И не смог. Здравый смысл бежал впереди с предупреждением, страх жадно потирал ручонки. Ну, говорил он, призови свой разлюбимый интерфейс, взгляни, что сталось с твоими девчонками. Познай крайние глубины отчаяния, ведь ты же хочешь…
Я не хотел. Одна лишь мысль о том, что их всех раздавило этим обвалом, была страшнее.
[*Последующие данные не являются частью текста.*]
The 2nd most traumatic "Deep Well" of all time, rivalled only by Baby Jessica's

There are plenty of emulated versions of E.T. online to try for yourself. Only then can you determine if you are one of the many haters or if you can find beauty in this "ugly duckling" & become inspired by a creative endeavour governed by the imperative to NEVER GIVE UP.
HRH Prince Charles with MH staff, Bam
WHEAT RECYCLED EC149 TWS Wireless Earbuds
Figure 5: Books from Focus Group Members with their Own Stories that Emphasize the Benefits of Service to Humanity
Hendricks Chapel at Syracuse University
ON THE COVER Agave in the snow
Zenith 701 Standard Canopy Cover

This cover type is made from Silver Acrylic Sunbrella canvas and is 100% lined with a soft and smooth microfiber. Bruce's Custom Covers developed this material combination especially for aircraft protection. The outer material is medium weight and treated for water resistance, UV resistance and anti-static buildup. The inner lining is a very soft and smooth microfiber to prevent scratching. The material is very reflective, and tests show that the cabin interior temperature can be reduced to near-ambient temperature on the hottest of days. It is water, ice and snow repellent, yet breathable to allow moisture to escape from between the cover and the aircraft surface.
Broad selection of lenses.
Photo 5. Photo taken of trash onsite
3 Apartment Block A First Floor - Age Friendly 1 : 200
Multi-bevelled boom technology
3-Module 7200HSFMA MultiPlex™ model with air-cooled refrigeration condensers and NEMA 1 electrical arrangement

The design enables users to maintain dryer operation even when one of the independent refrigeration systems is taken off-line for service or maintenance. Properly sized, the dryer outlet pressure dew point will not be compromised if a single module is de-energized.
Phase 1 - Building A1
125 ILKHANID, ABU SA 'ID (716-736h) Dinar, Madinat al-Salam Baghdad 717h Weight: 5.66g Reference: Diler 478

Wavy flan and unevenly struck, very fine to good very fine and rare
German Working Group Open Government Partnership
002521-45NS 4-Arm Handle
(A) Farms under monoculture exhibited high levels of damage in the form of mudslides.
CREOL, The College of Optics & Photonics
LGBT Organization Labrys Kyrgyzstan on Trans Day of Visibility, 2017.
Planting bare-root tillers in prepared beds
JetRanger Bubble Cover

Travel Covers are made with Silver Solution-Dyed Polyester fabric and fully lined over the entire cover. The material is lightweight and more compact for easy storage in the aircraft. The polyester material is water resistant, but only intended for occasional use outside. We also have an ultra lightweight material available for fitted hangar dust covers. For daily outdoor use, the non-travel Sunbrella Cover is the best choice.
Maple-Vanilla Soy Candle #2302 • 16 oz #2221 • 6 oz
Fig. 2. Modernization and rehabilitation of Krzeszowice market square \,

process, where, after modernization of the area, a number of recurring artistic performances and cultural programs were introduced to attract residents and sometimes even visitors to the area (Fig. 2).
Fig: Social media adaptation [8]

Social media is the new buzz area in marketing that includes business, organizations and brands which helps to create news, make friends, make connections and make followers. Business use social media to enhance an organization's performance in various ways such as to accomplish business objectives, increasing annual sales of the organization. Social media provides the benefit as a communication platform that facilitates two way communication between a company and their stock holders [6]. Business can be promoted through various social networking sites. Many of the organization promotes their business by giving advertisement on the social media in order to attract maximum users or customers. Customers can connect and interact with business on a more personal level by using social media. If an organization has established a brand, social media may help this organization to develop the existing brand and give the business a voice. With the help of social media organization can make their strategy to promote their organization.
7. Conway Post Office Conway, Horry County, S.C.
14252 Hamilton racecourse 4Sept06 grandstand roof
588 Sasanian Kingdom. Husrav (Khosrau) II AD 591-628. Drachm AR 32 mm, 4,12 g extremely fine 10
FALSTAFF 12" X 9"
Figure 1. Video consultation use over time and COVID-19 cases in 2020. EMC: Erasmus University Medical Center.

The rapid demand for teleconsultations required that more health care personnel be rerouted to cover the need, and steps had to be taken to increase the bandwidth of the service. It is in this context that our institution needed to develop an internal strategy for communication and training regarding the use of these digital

Горе, готовое взять меня за руки, обещало оплакивать кончину девчонок вместе со мной. Оно и обнимет, и платок у него постиранный есть, и патрон поможет в Подбирина загнать.
Чтобы застрелиться.
В какой-то миг мысль об этом показалось столь притягательной и желанной, что стало жутко. Страх же гоготал – тебе легко жилось в мире айфонов и ноутбуков. Один, почти никого нет, никакой ответственности! Сейчас же ты попытался проглотить кусок куда больше, чем мог бы влезть в твою зевалку, и получил то, что заслужил.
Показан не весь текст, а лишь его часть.